There are two things that my governor got wrong, you see, if he is providing criticism that is legitimate and that people can relate to as fact, fine, as everybody, including agrees that things are tough in Nigeria today. Besides, me, have only spoken against him once in recent time and since then, I have allowed him to continue with whatever he feels is right for him to say.
But why is it that APC can’t accept criticism but was ferocious with former president Goodluck Jonathan during his administration?
I agree with you, APC was constantly keeping the PDP administration on their toes, which is the work of the opposition but not to start creating deliberate lies that does not hold water. Anybody can criticise the government, any government that is not criticised is a dictatorial government and I don’t think Nigeria can stand such.
What do you make of the APC crisis in Ondo State?
One thing I know for sure is that if APC does not get its act together as a party, we will lose Ondo. Yes, that I can say without any fear of contradiction.
You mentioned earlier that you are nursing the ambition of going back to the Senate, have you lost hope of becoming the next Ekiti governor?
(Laughs…) well, by all measures and without sounding immodest, I think I am very qualified to be the next Ekiti State governor but I am still consulting and discussing with my members. We are looking at reaching a consensus on who will be placed there, without necessarily wasting so much money in the primaries. If our calculation goes the way we are planning now, then my best option will be to go back to the Senate. There some options that we are weighing now but that is not to say that I have shelved the idea, if the opportunity comes, I wouldn’t mind. We have suffered public injury from Fayose’s actions and utterances, I think Ekiti people deserves better.
Will you ever be friends with governor Fayose?

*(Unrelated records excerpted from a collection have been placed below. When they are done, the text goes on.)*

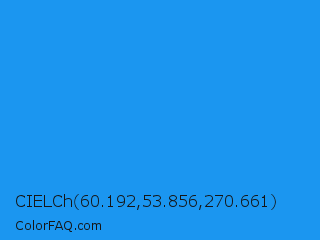 CIELCh 60.192,53.856,270.661 Color is a normal blue color and the nearest color is Button Blue #24a0ed. Hex code #1b96f0 and RGB value is rgb(27,150,240). In RGB color space, this color is composed of 11% red, 59% green, 94% blue, In CMYK color space, this color is composed of 89% cyan, 38% magenta, 0% yellow , 6% black , In HSL color space, this color has a hue angle of 205° , 88% saturation and 52% lightness.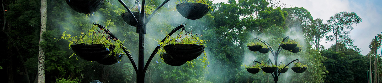 - The upper flower garden also displays annual flowers and it includes a herbaceous and a mini rose collection.A Montezume pine (Pinus montezumae) from Mexico and Hoope pine (Araucaria cunninghamii) from New South Wales lie on either sides of the flower garden.A row of Jacaranda trees, (Jacaranda ovalifolia) with mauve flowers, is seen below. A giant Monterey cypress tree and Japanese cedar trees, (Cryptomeria japonica) grow around the flower garden. A dark green and deeply cut-leave creeper, the Dada Kehel (Rhaphidophora decursiva) is visible growing on a wanasapu tree, (Michelia nilagirica).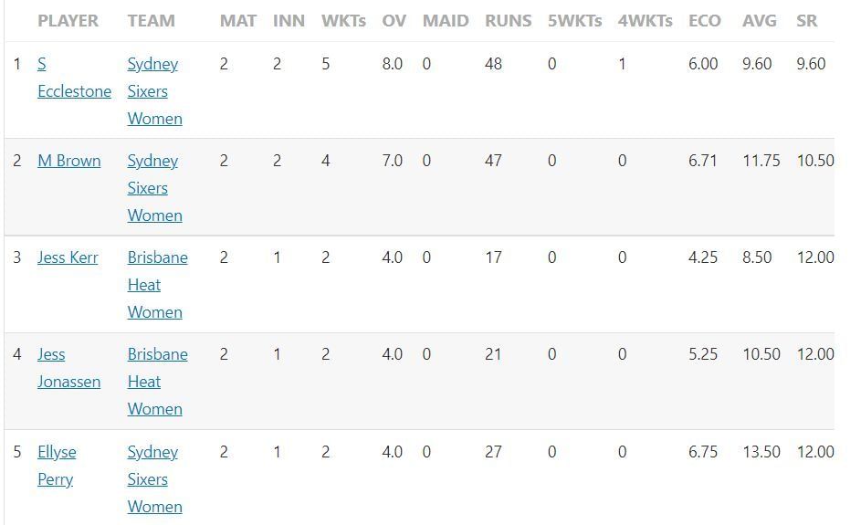 Maitlan Brown of Sydney Sixers is below her teammate Ecclestone. She picked up three wickets in her first game against Brisbane Heat and followed up by picking one against the Strikers. She now has four wickets.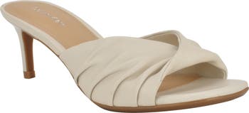Twisted and gathered leather tops a sleek sandal lofted by a slender kitten heel.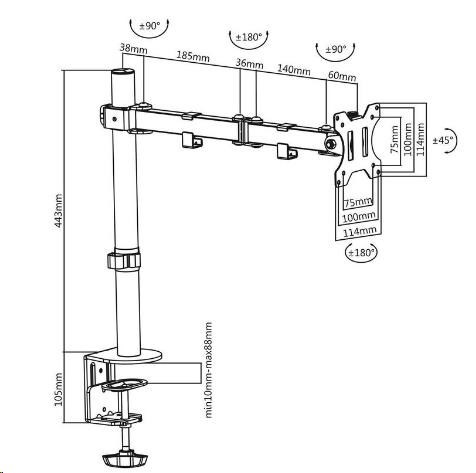 Levný kvalitný stolný držiak monitora Fiber Novelty F10 Otočný, sklopný, výškovo aj dĺžkovo nastaviteľný držiak monitora 13-32", funkcia PIVOT, 2 typy uchytenia na stolovú dosku, nosnosť 8kg Levný, predsa kvalitný stolný držiak na uchytenie LCD LED OLED monitoru s uhlopriečkou 13 až 32 palcov. Po uchytení monitoru na držiak oceníte zväčšený priestor na stole, monitor navyše môžete podľa ľubovôle otáčať do strán, nakláňať, vysúvať a aj výškovo nastavovať, monitor je možné rotovať pre horizontálne alebo vertikálne otočenie. Držiak podporuje VESA štandardy 75x75 a 100x100. Držiak je možné zaťažiť monitorom s hmotnosťou až 8kg. Ramienka sú osadené úchytmi na zafixovanie kabeláže. V balení nájdete 2 typy uchytenia na stolovú dosku, ktorá môže mať priemer 10mm až 88mm. Dodávame v čiernej farbe, balenie obsahuje potrebný inštalačný materiál. Levný držiak na monitor 13-32 palcov Fiber Novelty F10 splní požiadavky aj náročným zákazníkom, pritom za zlomok ceny iných držiakov na monitory. Otočný, sklopný, dĺžkovo a výškovo nastaviteľný, funkcia pivot, vedenie kabeláže, 2 úchyty na stolové dosky... Levný stolný držiak na monitor do vašej pracovne alebo kancelárie - plne nastaviteľný, vynikajúca kvalita - Fiber Novelty F10 Technické údaje: nosnosť 8kg podpora VESA štandardu 75x75 a 100x100 odporúčame na monitory s uhlopriečkou 13 až 32" otáčanie do strán +/- 360° naklonenie +/- 45° vysunutie monitora až 421mm nastavenie výšky, max. 420mm nastavenie tuhosti chodu ramien uchytenie na stolovú dosku s priemerom 10 až 88mm 2 typy uchytenia na stolovú dosku úchyty na káble montážny materiál farba čierna záruka 3 roky

We do talk, greet and exchange pleasantries. What we have is not a personal quarrel; he has not taken my wife and I have not taken his. I don’t believe that because you don’t agree with a political opponent, you shouldn’t greet him. It doesn’t show maturity or civilisation and if I am in any party that says I should not talk to Ayo Fayose, I would leave the party! There is nobody that will gag me from talking or being friendly with anybody that I want to be friends with. Of course, I will engage him when his utterances and actions are not okay; it does not mean I shouldn’t be friends with him. He is still the governor of Ekiti. But again, that does not mean that I don’t desire to unseat him or resist for Ekiti people any puppet that he wants to bring in to succeed him. That is the only thing we are working on now because if he succeeds himself, then we are in trouble in Ekiti State.